The Olympics has put the spotlight on a physical therapy technique.
This after athletes were seen with large bruise–like marks on their skin.
The technique is called cupping, it finds it roots in ancient China or Egypt depending on who you ask.
It's actually pretty popular in the Red River Valley.
Though the post–cupping symptoms often appear jarring to the average onlooker, the treatment is to help athletes recover after straining themselves.
Cupping has been used by NDSU trainers on athletes for the last three years.
"So what cupping does is it comes in and allows a little bit of a pulling apart it sucks in blood into the area and also lifts the tissue and opens up space," says Stephanie Hamersky an Assistant Athletic Trainer at NDSU.
The suction is usually created by burning a flame beneath the cup before placing it on the skin.
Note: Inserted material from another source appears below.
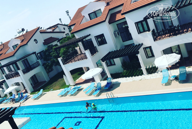 Отдыхала в этом отеле с 23 по 30 июля с мамой и дочкой подростком выбрали этот отель только из за стоимости тура (30000 с человека) нас это устроило,начиталась отзывы ,ну думаю все конечно субъективно,мы не притязательны и не предирчивые люди отдохнем как нибудь ( оговорюсь сразу в Турции не первый раз отдыхали в отелях разной категории), но этот отель пять звёзд вроде как,надеялись что будет все на пять звёзд по факту это тройка. От аэропорта ехали минут 35 весь автобус ехал в этот отель,приехали вечером поэтому заселили быстро,достался номер на 3этаже с видом на бассейн,в номере не работал душ,починили на след.день .номер двухкомнатный ,но мы пытались его поменять но нам сказали свободных номеров нет,денег доплачивать мы не стали и остались в этом номере,поменять хотели по причине ,что нас трое (мама,бабушка и дочка ) а в номере одна двухспальная кровать и диванчик,как то хотелось разные кровати чтобы были,на рецепшене поедложили дать раскладушку вместо дивана,ага сейчас прилетели на отдых спать на раскладушке,немного понервничали но дочка согласилась спать на диванчике,а я как в детстве с мамой ))). Ладно номер это все ерунда мы там только мылись и спали ( да кстати душевая очень маленькая полненьким там будет тесновато,на тростиночек размер))). Огромный минус отеля для меня это все же оказался этот кораблик до пляжа,первые два дня это нас не напрягало,но потом жутко надоел,корабль идёт до пляжа ровно 15 минут-многовато ,пляж грязный ,но это благодаря нашим же туристам,дают детям играть бутылки,стаканчики,дети поиграли они так и валяются,но неужели нельзя подойти собрать все это и тупо кинуть в мусорку (по пляжу стоят горшочки) ну а работникам отеля пройтись с граблями,да лежаки от песка почистить,пляж маленький можно это сделать без проблем,тем более первый кораблик приплывает аш пол восьмого вот это еще один минус,мы привыкли ходить на море рано,а тут ты зависим от кораблика,последний в 19.30 вроде,из за того что море далеко очень душно и жарко на территории отеля,зелень на территории есть но от нее нет и даже тенечка,кстати территории как таковой нет это дорожки между карпусами и бассейнами,пару беседок на газоне у реки,там же два бара,анимация на меня впечатление не произвела,скучные,детская как и везде одни и теже танцы-песни ну дети прыгали значит им было норм) возле отеля ничего нет ближайшие магазинчики в поселке кадрие минут 15 от отеля маршрутка 23 или 21 проезд 1$.ну а теперь по пунктам: 1.заселение -после 14.00 проходит быстро( на рецепшене не очень радушные,хотя всегда обращались к ним с удыбкой). 2. Номера нормальные( полотенца,халаты,тапочки,постельное бельё ,мыльно-рыльные принадлежности все было) ,уборка номера условная,сухой тряпкой сметут песок,заправят кровать,поменяютполотенца ,нам меняли каждый день).3. Территория отеля нас не впечатлила даже пофоткаться особо негде,зелень есть вдоль дорожек,белые коттеджные домики мне нравились( отель это бывший коттеджный посёлок ( кстати некоторые домики являются частными до сих пор) на территории расположены бассейны,две небольшие водные горки работают по часам,бар у бассейна,детский бассейн,детская площадка,есть бассейн у реки,там же еще бар.возле отеля ничего нет. 4. Анимация есть но слабая,на нее ходили так как уже говорила из отеля выйти пройтись некуда,убивали на ней время ну и сами себя ве

The bruises people see are from burst capillaries caused by the suction.
The broken capillaries cause the body to respond to the afflicted area and treat it as a wound which, in theory, causes the muscle to heal.
Massage Therapist Adriane Maag says almost half of the patients she sees receive cupping treatments.
"Most often times it is with athletes but it can help for anyone who's been laboring or construction, overhead lifting, cross fit athletes," says Maag.
Even though the treatment has been around for about 2,000 years, there haven't been very many studies backing up the benefits.
Still many people suffering from muscle pain and athletes swear by it.
"Lots of people report back saying they are able to move a lot easier they sleep a lot better that night and overall increase health and wellness," says Maag.
If cupping seems like something you'd like to try out most massage therapists are trained to do it so it shouldn't be difficult to find a local professional.